Records excerpted from a collection:
══════

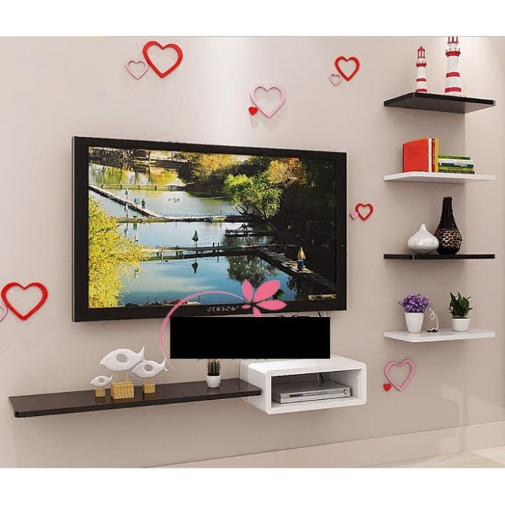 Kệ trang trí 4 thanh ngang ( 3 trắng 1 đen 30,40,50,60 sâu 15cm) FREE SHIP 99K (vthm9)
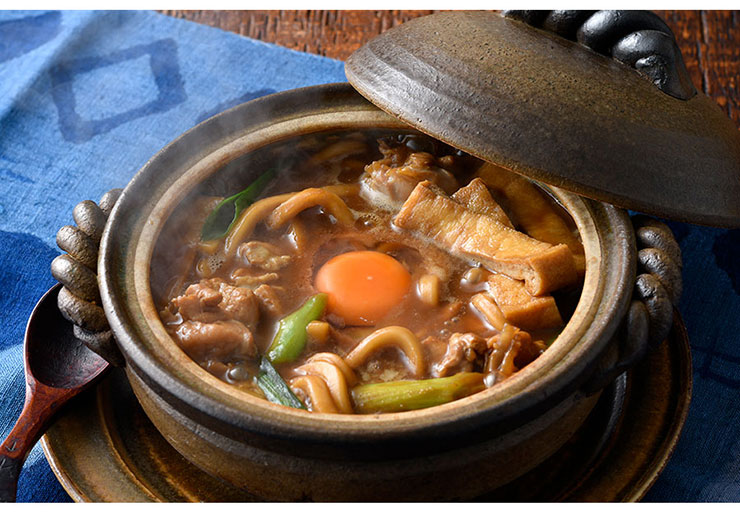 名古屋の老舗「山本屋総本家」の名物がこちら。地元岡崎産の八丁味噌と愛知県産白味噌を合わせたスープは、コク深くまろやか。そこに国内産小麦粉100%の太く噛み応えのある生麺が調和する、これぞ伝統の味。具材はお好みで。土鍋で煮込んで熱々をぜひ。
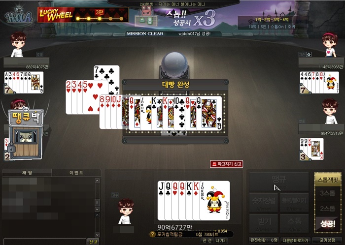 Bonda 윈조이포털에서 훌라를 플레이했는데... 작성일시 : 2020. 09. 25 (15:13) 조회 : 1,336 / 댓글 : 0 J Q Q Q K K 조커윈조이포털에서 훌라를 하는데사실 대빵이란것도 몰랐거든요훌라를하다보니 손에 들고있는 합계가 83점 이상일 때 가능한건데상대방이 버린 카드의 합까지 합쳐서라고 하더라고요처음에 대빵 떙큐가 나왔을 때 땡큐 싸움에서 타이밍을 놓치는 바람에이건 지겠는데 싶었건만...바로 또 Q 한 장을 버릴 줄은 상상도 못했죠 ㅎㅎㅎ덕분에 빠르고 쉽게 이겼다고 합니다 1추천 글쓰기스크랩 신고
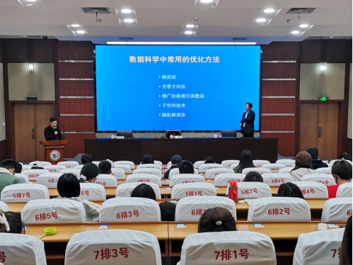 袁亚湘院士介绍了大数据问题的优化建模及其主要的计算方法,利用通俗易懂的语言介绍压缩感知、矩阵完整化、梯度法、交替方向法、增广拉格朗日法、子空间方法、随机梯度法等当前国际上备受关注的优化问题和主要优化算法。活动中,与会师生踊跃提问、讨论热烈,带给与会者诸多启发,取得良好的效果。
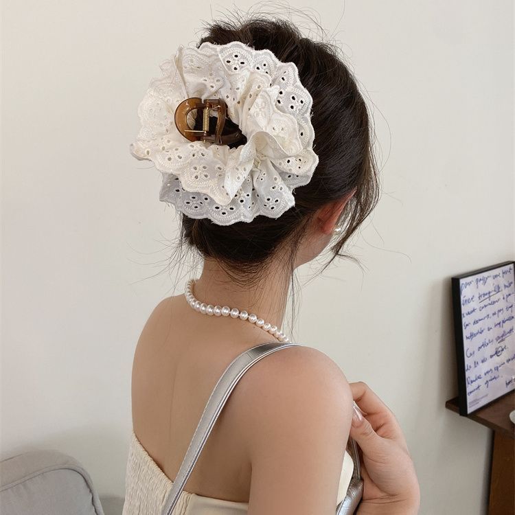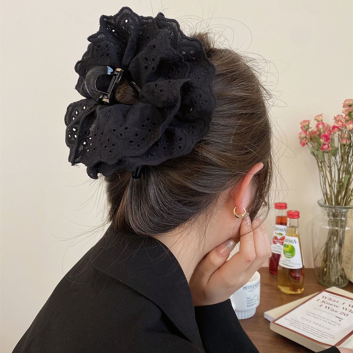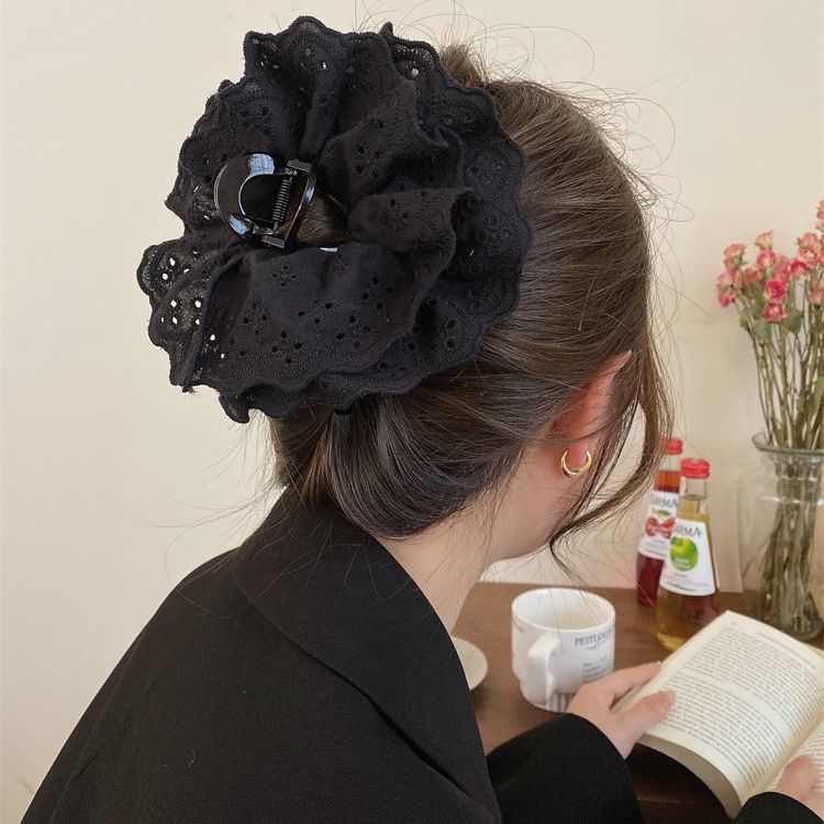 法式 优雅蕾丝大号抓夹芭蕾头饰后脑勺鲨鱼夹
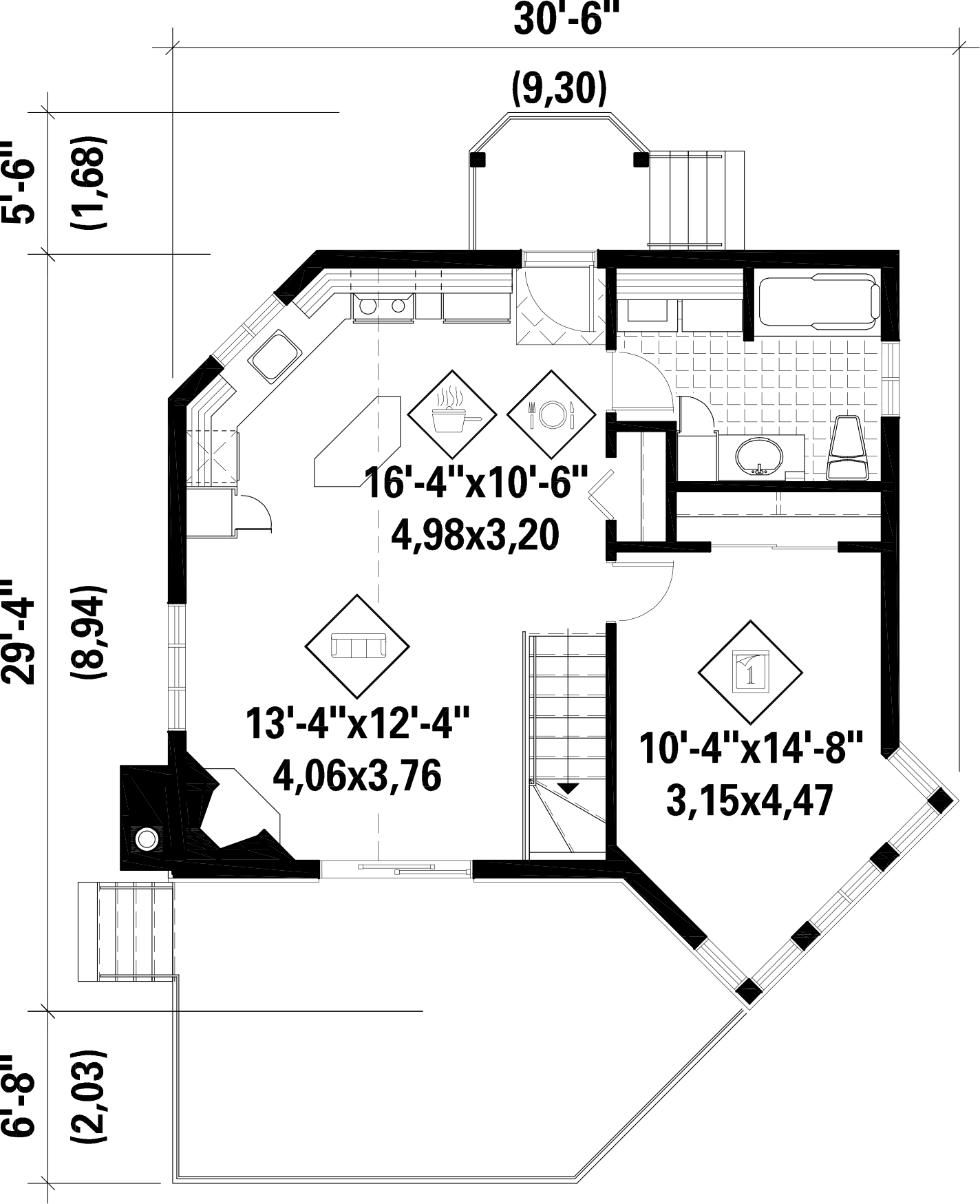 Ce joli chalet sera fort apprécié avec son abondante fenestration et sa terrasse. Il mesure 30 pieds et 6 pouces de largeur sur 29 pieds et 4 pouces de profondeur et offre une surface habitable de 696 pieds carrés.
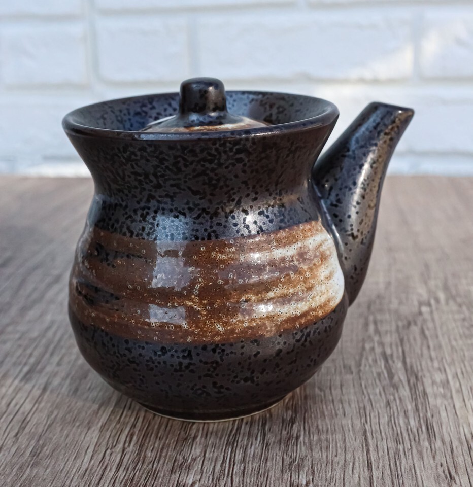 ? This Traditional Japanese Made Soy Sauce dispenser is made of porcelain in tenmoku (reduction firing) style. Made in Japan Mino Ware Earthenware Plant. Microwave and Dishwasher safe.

══════

• _ACTION ITEM_
Your answer must be exactly the lines from the one with "Ce joli chalet" through the last line of the entries, both included, with no pictures; please add nothing else.

• _EXERCISE RESULT_
 Ce joli chalet sera fort apprécié avec son abondante fenestration et sa terrasse. Il mesure 30 pieds et 6 pouces de largeur sur 29 pieds et 4 pouces de profondeur et offre une surface habitable de 696 pieds carrés.
 ? This Traditional Japanese Made Soy Sauce dispenser is made of porcelain in tenmoku (reduction firing) style. Made in Japan Mino Ware Earthenware Plant. Microwave and Dishwasher safe.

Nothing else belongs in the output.